Stockbroker Durlacher has entered the retail market with the introduction of two Oeics, one of which is the CF Durlacher growth plus fund.
This Oeic aims to achieve capital growth over the long term by investing in a portfolio of around 50 stocks, benchmarked against the FTSE All-Share index. Around 10 per cent of the fund may be invested in other countries.
Simon Steele, the fund manager, will invest in what he perceives to be exceptional stocks, regardless of market capitalisation or sector. Steele joined Durlacher late last year from Singer and Friedlander, where he spent two years running a small-cap fund.
The stocks the new fund will invest in will share an ability to sustain above average earnings growth over the next three to five years. Examples of these companies include market research group Taylor Nelson Sofres and pub chain JD Wetherspoon.
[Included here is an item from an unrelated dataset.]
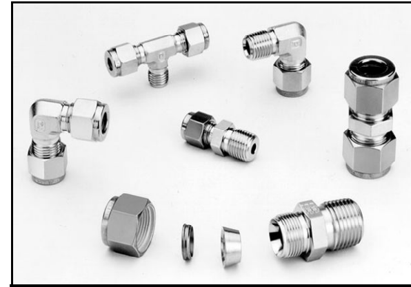
2枚フェルール チューブ継手 (S 社相当)

When selecting stocks, Steele will look for companies that dominate their area of the market and where growth is influenced by factors such as changes in legislation or the move towards outsourcing. Having good growth potential is not enough to justify picking a stock. Companies must also be backed by strong management and cash flow is very important.
Stockmarket investors are now unlikely to get the high returns that were possible in the 1990s and Durlacher's research-driven approach will be important in generating decent returns in current conditions. But rival companies such as Royal & SunAlliance have also adopted this model, and some investors may not invest with a new fund management group until a track record is established.